Table of Contents

HTTP headers

HTTP response headers allow you to instruct how the browser should behave when handling data. The HTTP headers below provide extra protection layers to mitigate vulnerabilities (e.g. cross-site scripting, clickjacking, information disclosure, etc.).

Server Header

The Server header describes the software used by the web server handling the request. This may allow attackers to gain insight into the version or type of the web server.

To remove the Server header in IIS, create an outbound rewrite rule that removes the value for the Server header.

To create the outbound rewrite rule:

  1. Open IIS Manager.

  2. In the Connections pane on the left, select Default Web Site.

  3. In the middle pane, double-click URL Rewrite.

  4. In the Actions pane on the right, click Add Rule(s).

  5. Under Outbound rules, select Blank rule, and click OK.

  6. In the Match pane, set Matching scope to Server Variable.

  7. Set the Variable name to RESPONSE_SERVER

  8. Set the Regular Expressions pattern to .*.

  9. Leave the Action type set to Rewrite and leave the Value field empty.

  10. In the Actions pane, click Apply.

  11. Restart IIS

Alternatively, you can add the following XML in the <system.webServer> element of C:\Skyline DataMiner\Webpages\web.config and then restart IIS:

<rewrite>
  <outboundRules rewriteBeforeCache="true">
    <rule name="Remove Server header">
      <match serverVariable="RESPONSE_SERVER" pattern=".*" />
      <action type="Rewrite" value="" />
    </rule>
  </outboundRules>
</rewrite>

X-Powered-By

The X-Powered-By header describes technologies in the web server.
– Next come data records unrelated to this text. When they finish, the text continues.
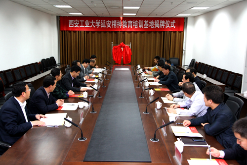 本网讯 4月24日下午,西安工业大学延安精神教育培训基地揭牌仪式在我校图书馆第一会议室举行,陕西省委第四巡视组组长曹克勤、正厅级巡视专员高春义,副组长田进进、副厅级巡视专员李小立,正处级巡视专员李劲旗、王旭坚等一行与我校党委副书记、校长崔智林,西安工业大学党委副书记、校长廉振民,我校党委副书记田伏虎,西安工业大学纪委书记许尚年,以及两校组织部、宣传部、党办、校办、监察处等部门的负责人共同参加了揭牌仪式。揭牌仪式由我校党委副书记王亚杰主持。
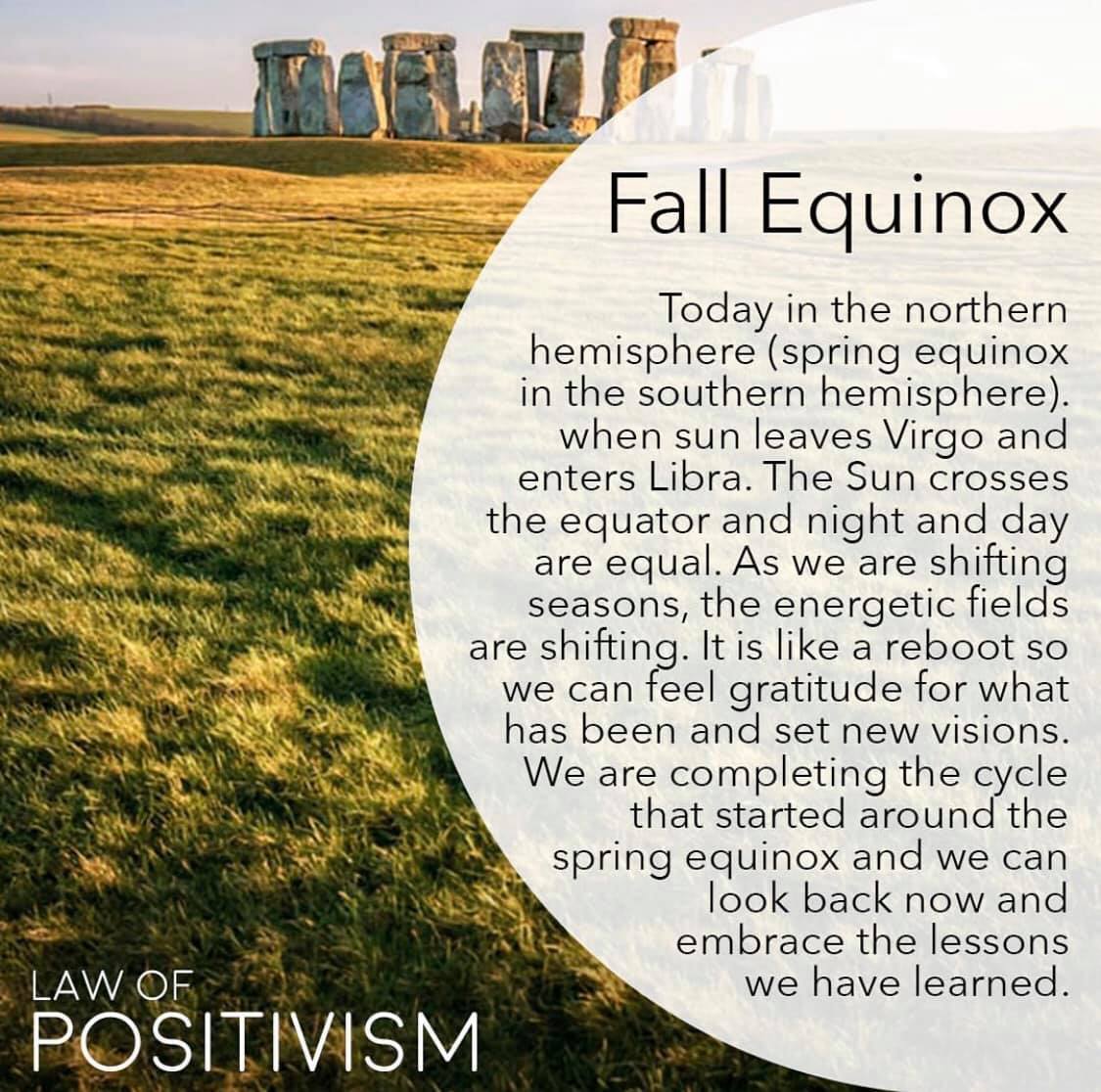 Equinox means equal day and night and it falls on Sept 23 @ 12:50 am PDT /3:50 am. pm EDT/ Sept. 23 @ 7:50 am GMT. The Masculine and Feminine powers are balanced. This is an excellent time to bring our own inner masc. and fem. together as equals.
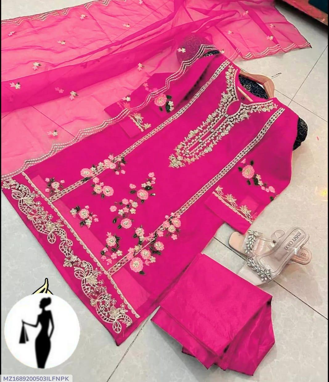 3 Pcs Women's Stitched Organza Embroidered Suit

Threat actors could gain valuable knowledge because of this.

To remove the X-Powered-By response header:

  1. Open IIS Manager.

  2. In the Connections pane, select the web server by clicking the server name.

  3. In the middle pane, double-click HTTP Reponse Headers.

  4. Select X-Powered-By, and click Remove in the Actions pane.

  5. Click Yes when asked to confirm the removal.

HSTS - Strict Transport Security

To bypass TLS encryption on websites served over HTTPS, attackers can use SSL stripping. To mitigate this type of attack, set the Strict-Transport-Security (HSTS) response header. This will instruct the browser to always load DataMiner over HTTPS.

To enable Strict Transport Security:

  1. Open IIS Manager.

  2. In the Connections pane on the left, expand the top node and Sites node until you see Default Web Site.

  3. Right click Default Web Site and select Manage Website > Advanced settings.

  4. Under Behavior, expand HSTS.

  5. Set Enabled to True.

  6. Set IncludeSubDomains to True.

  7. Set Max-Age to 31536000 seconds (i.e. 1 year).

  8. Optionally, set Preload to True.

  9. Optionally, set Redirect Http to Https to True

  10. Click OK.

Tip

For information about HSTS, see HSTS Cheat Sheet.